品质是小麦育种的主要目标性状之一，受多种因素的共同影响。黄淮麦区是中国小麦的主要产区，同时也是强筋和中强筋小麦的优势种植区。本研究利用主成分分析(Principal component analysis, PCA)、模糊综合评价(Fuzzy comprehensive evaluation, FCE)和分子标记鉴定相结合的方法，对黄淮麦区436个小麦品种的七个关键品质性状以及两个重要的品质相关遗传位点Glu-1和Sec-1进行了多维度的系统评价。结果表明，稳定时间(Stability time, ST)、拉伸面积(Stretch area, SA)和最大阻力(Maximum resistance, MAXR)是影响黄淮麦区小麦品质的三个关键性状，Glu-1和Sec-1主要影响这三个性状，进而对小麦品质产生影响。与高分子量麦谷蛋白亚基位点Glu-A1和Glu-B1相比，Glu-D1对综合评价值D、主成分PC1-PC3及PC1主要构成性状ST、SA和MAXR的影响更为显著。对于Glu-D1位点，携带Dx5+Dy10等位基因小麦品种的ST、SA和MAXR显著优于携带Dx2+Dy12等位基因的品种，表明Dx5+Dy10可能通过提高ST、SA和MAXR来提升小麦品质。结合综合评价值D、GYT(Genotype by yield×trait)指数和HMW-GS评分，筛选出了20个优质高产的小麦品种，可作为优异亲本应用于小麦品质育种。

Abstract

Wheat (Triticum aestivum L.) quality is a major focus of wheat breeding, which is influenced by multiple factors. The Huang-Huai wheat region, one of the main wheat-producing areas in China, provides favourable conditions for cultivating wheat cultivars with strong-gluten and medium-strong-gluten. In this study, a systematic assessment of seven crucial quality traits and important genetic loci (Glu-1 and Sec-1) in 436 wheat cultivars in the Huang-Huai wheat region of China by principal component analysis (PCA) and fuzzy comprehensive evaluation (FCE) methods showed that the stability time (ST), stretch area (SA), and maximum resistance (MAXR) were identified as three key factors, which significantly influenced wheat quality. Glu-1 and Sec-1 primarily impacted these three traits and subsequently influenced wheat quality. Compared to Glu-A1 and Glu-B1, Glu-D1 has a more significant impact on the comprehensive evaluation value D, principal components PC1-PC3, and the main traits ST, SA and MAXR of PC1. Wheat cultivars carrying the high-molecular-weight glutenin subunit (HMW-GS) Dx5+Dy10 exhibited a notable improvement in ST, SA, and MAXR traits compared with those carrying HMW-GS Dx2+Dy12, suggesting that Dx5+Dy10 may enhance wheat quality by improving ST, SA, and MAXR. By combining the results of D value, GYT (genotype by yield×trait) index, and HMW-GS score, 20 high-quality and high yield wheat cultivars were identified, which can be used as elite parents for wheat quality breeding.

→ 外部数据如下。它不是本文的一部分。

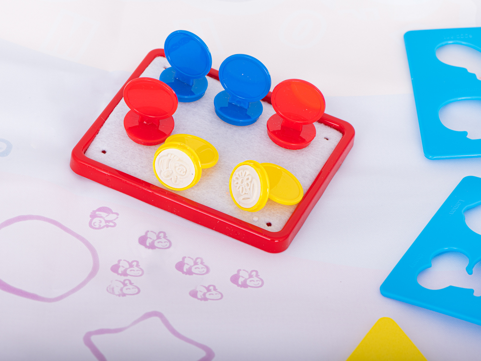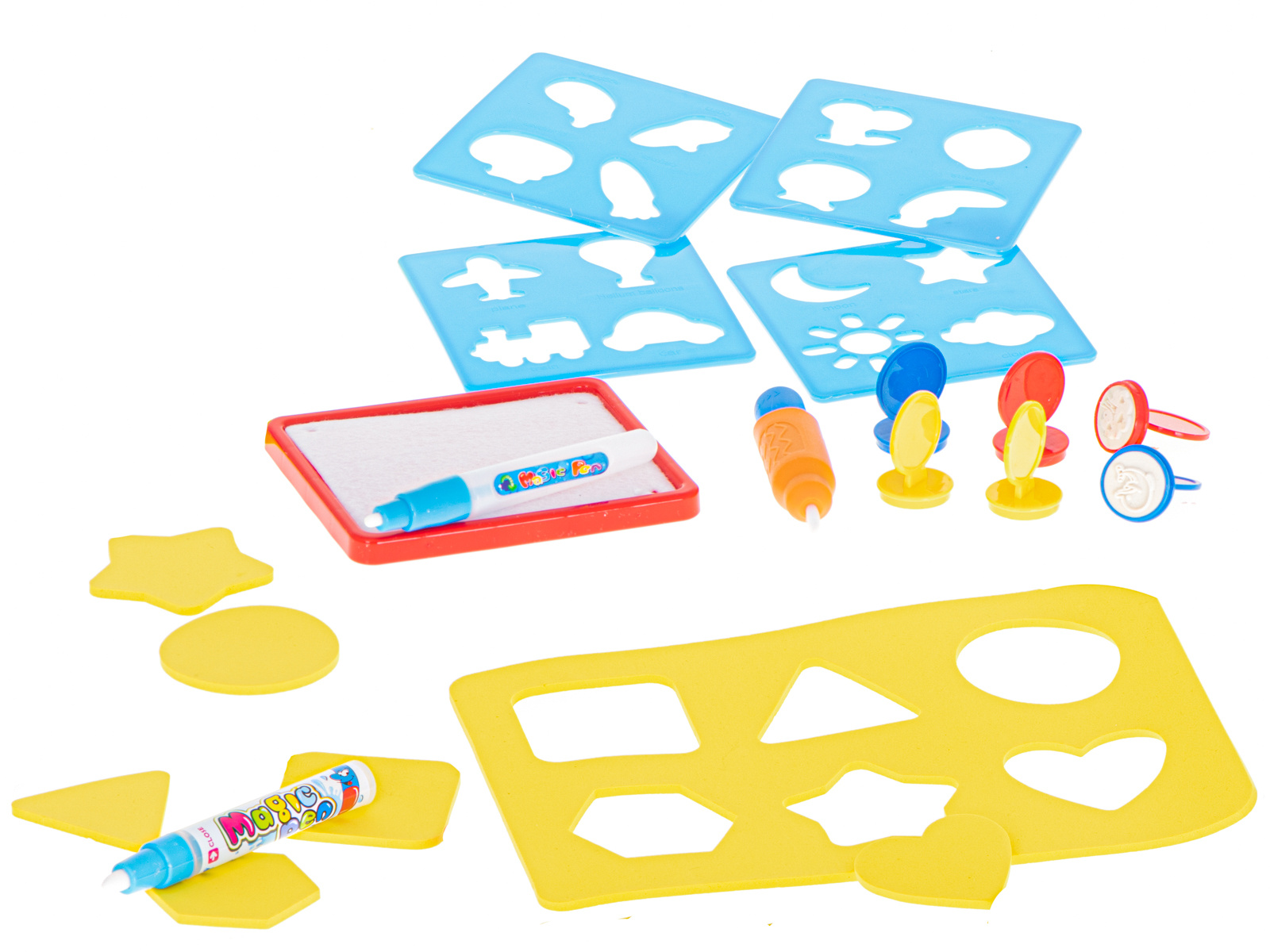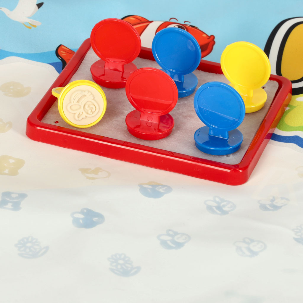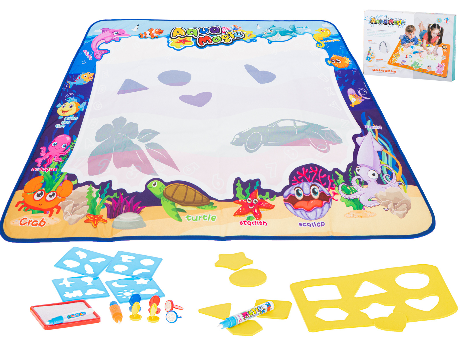 Nach dem Befeuchten mit Wasser erscheint ein farbiges Bild auf der Matte. mit den beiliegenden Schablonen können verschiedene Formen auf der Oberfläche nachgezeichnet werden. Darüber hinaus gibt es Stempel, die nach dem Einweichen in Wasser auf die Oberfläche aufgedruckt werden können.

Keywords: wheat quality comprehensive evaluation value high-molecular-weight glutenin subunits Sec-1 locus genotype by yield×trait

Received: 27 August 2024 Accepted: 02 December 2024 Online: 24 December 2024

Fund:

This research was supported by the National Key Research and Development Program of China (2021YFD1200600) and the S&T Program of Hebei, China (252N7501D).

About author: #Correspondence Diaoguo An, Tel: +86-311-85871746, E-mail: dgan@sjziam.ac.cn; Yelun Zhang, Tel: +86-311-87670622, E-mail: zhang-ye-lun@126.com * These authors contributed equally to this study.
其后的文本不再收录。